Back to top
split pea and basil pasta salad

Think split peas can only be used to make green split pea soup? Think again! This recipe offers a bright, new idea for cooking with split peas, and we think you'll love it. This pasta salad is light and refreshing and is the perfect side dish to salmon, chicken, or even a veggie burger.
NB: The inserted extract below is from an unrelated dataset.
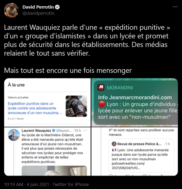 "Tout est encore une fois mensonger", réplique le 4 juin le journaliste de Mediapart David Perrotin sur Twitter en s'appuyant sur les tweets acides de la cheffe de service de BFMTV. "Laurent Wauquiez parle d’une «expédition punitive» d’un «groupe d’islamistes» dans un lycée et promet plus de sécurité dans les établissements. Des médias relaient le tout sans vérifier." Joint par ASI, David Perrotin explique avoir vu "que plusieurs articles indiquaient une «source administrative», ce qui laisse penser que ça vient de la Région, de Wauquiez, et non pas du parquet. Les médias parlent de la venue de Wauquiez, sur place il fait une vidéo dans laquelle il parle d'un groupe islamiste qui serait venu pour enlever ou frapper une musulmane, et met en avant son programme de sécurité [dans le cadre de sa candidature aux régionales]."

We hope you enjoy!

Yield
6 Servings
Preparation time
15 minutes
Cooking time
40 minutes
Total time
55 minutes
Ingredients
1/2 C dried split peas
2 C water
3 C bowtie pasta
5 C water
1/4 C olive oil
1 clv Garlic, minced
1 tsp dried oregano
1 lemon, juiced
6 green onions, sliced
1 pt cherry or grape tomatoes, halved
8 leaves fresh basil, chopped
1/8 tsp lemon pepper seasoning (optional)
Instructions

1. Bring 2 cups of water to a boil; add split peas and allow to lightly boil for 25 minutes or until split peas are soft. (Do not allow split peas to overcook and get mushy; you want them to be slightly firm to the bite.) Drain split peas and rinse until cool.

2. Bring 5 cups of salted water to a boil; add pasta and cook until al dente (firm to the bite). Drain pasta and rinse until cool.

3. To make the dressing: warm olive oil over medium heat; add garlic and dried oregano and sauté lightly for 1-2 minutes. Remove from heat and add lemon juice. Stir together and set aside until cool.

4. Combine cooled split peas and pasta in a large bowl. Add green onions, tomatoes, basil, and lemon pepper seasoning. Stir to combine.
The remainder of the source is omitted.